What it does: each shard runs a thread-safe Algorithm R and tracks its count; the merge picks each output slot from a shard with probability proportional to that shard's count, yielding a uniform global sample. Fold pairwise for many shards.


Sampling Guarantees You Can Promise Downstream

When a sampling service feeds dashboards, alerting, or ML training, the consumers need to know exactly what statistical contract they are getting. A senior states these guarantees precisely rather than hand-waving "it's random."

Guarantee What it means What it does NOT mean
Uniform inclusion Each item from the global stream is in the final sample with probability k/n. It does not mean a fixed rate; the rate is k/n and shrinks as n grows within a window.
Fixed sample size The output is exactly k items (when n ≥ k). Unlike Bernoulli sampling, you never get a surprise 10× sample on a traffic spike.
Subset uniformity Every k-subset of the window is equally likely. Not "every item independently"; reservoir sampling is without replacement.
Weighted inclusion (A-Res) Inclusion probability is proportional to weight in the Efraimidis-Spirakis sense. Not exactly k·w_i/Σw for all settings — it is the A-Res top-k-keys distribution.
Window scoping Guarantees hold within the defined window (tumbling/sliding), not across windows. A per-minute sample is not a per-hour sample; you must merge.

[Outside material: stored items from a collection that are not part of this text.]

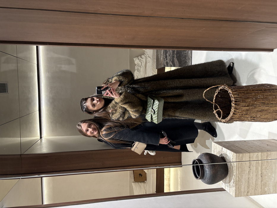 The image displays an interior scene, likely within an upscale retail establishment or a luxury hotel suite in Paris, France. Two Caucasian females are positioned in the foreground, utilizing a large, full-length mirror to take a selfie. The female on the right, actively holding a dark-colored smartphone with both hands, is capturing the mirror reflection. She has long dark hair, dark sunglasses perched on her head, and is wearing a full-length, dark brown faux fur coat over a dark turtleneck. Her lips are pursed, and a quilted green shoulder bag with a gold chain strap is visible on her left side. She wears multiple rings on her fingers. Partially behind her to the left is the second female, also with long dark hair, smiling towards the mirror. She is dressed in a long, dark-colored coat and carries a light beige top-handle handbag on her right arm. She holds a pair of dark sunglasses in her left hand. Both individuals wear dark footwear, specifically boots. The reflected environment behind the women consists of a minimalist room with light-colored, textured walls, framed by dark wood paneling. A horizontal light strip is embedded in the wall above a platform bed with white bedding. A dark marble-top surface is visible next to the bed. On the bed, a brown paper shopping bag featuring a heart logo is present. An air vent is visible at the top of the reflected wall. In the immediate foreground, a tall, cylindrical woven brown wicker basket stands on the floor to the right of the center. To the left, a dark, textured ceramic vessel rests on a light beige, rectangular pedestal, likely made of stone.
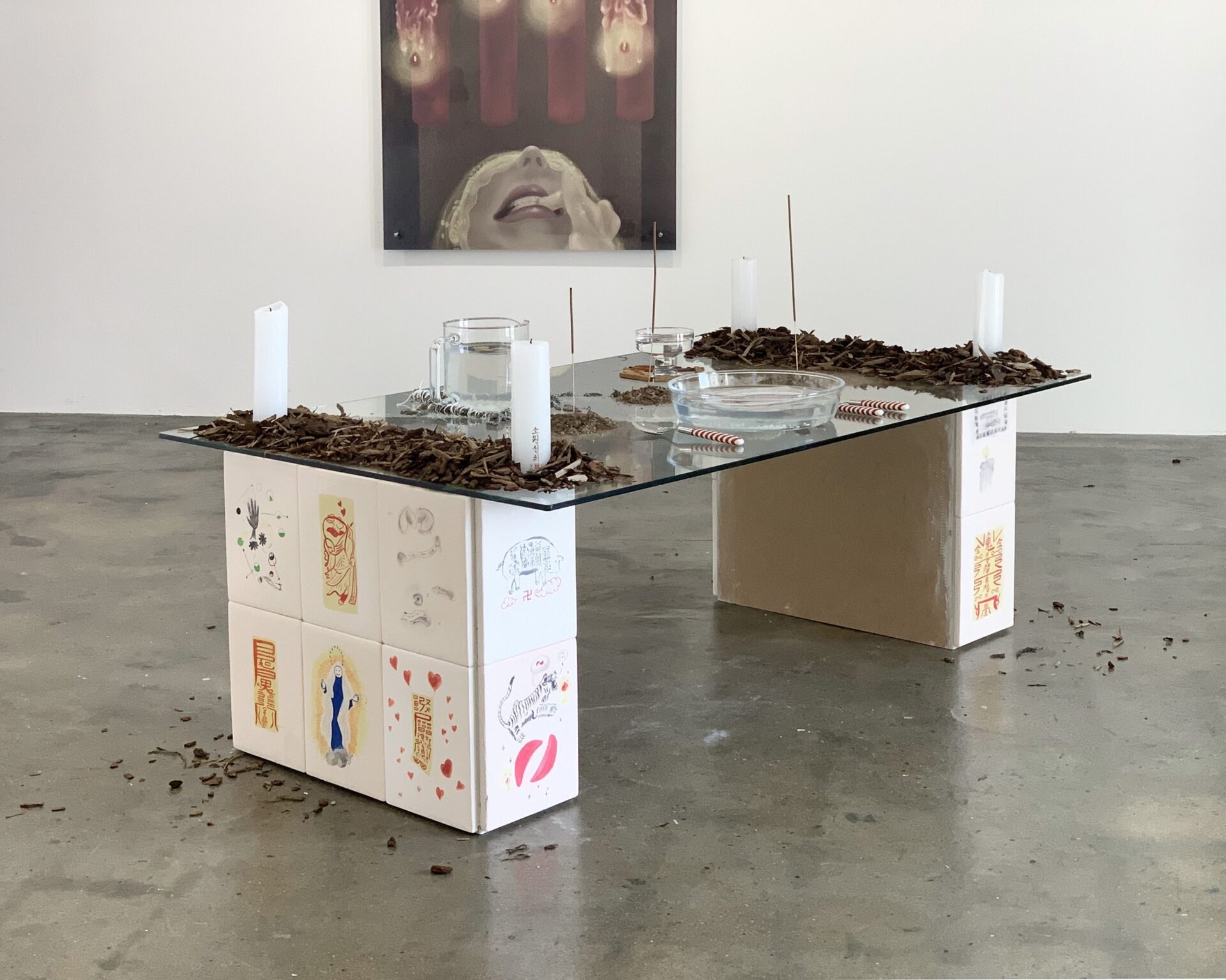 She buys the stability of being in god by consuming religious products. She also said when she feels a hole in her heart, the desire for deity-or spiritual products-may be a 'final touch' that she sends to God or pass to her from god. Would it be our self-portrait that wanting stability or confidence in the face of anxiety? Do you also desire this touch?
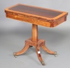 920 | A Regency rosewood and crossdbanded satinwood D shaped card table, raised on a chamfered column, triform base and splayed feet with brass caps and casters 75cm h x 89cm w x 43cm d | 120-150 |
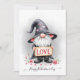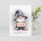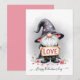 Make this Valentine’s Day extra special with a delightful card featuring a charming gnome holding a rustic wooden sign that reads “LOVE.” Dressed in a whimsical black hat adorned with pink hearts, this gnome is surrounded by soft floral accents and rose petals, creating a perfect blend of romance and charm. The elegant “Happy Valentine’s Day” message in script completes the design, making this card a wonderful choice for expressing your love and appreciation.
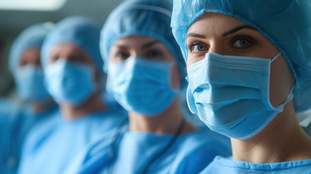 Focused and determined medical professionals in scrubs and surgical masks, ready for a procedure, with a strong sense of teamwork.

The single most important thing to communicate: reservoir sampling gives a fixed-size sample with a per-item probability that depends on the window's total count n. Teams that expect a fixed rate (e.g. "always 0.1% of traffic") want Bernoulli sampling instead, and confusing the two is a common source of "the sample looks too small during quiet periods" tickets. Document the contract in the schema of the emitted sample (carry n, k, window bounds, and the variant).

Time-biased and sliding-window sampling

Classic reservoir sampling treats every item in the window equally — a log line from an hour ago is as likely to be sampled as one from a second ago. Many production systems instead want recency bias: recent events should be over-represented because they are more operationally relevant. Two approaches:

  • Tumbling windows. Reset the reservoir at each window boundary (e.g. every minute). Simple, exact within the window, but loses cross-boundary smoothness and double-buffers at edges.
  • Forward-decay / exponentially-weighted sampling. Assign each item a weight that grows with its timestamp (e.g. w = e^(λ·t)) and run weighted reservoir sampling (A-Res). Recent items get larger keys and dominate the reservoir, with an exponential decay you tune via λ. This is the streaming analogue of an exponentially-weighted moving sample and avoids the boundary discontinuity of tumbling windows.
graph LR A[event at time t] --> B[weight w = exp of lambda times t] B --> C[key = u^(1/w), forward-decay] C --> D[size-k min-heap of keys] D --> E[recent items dominate the reservoir]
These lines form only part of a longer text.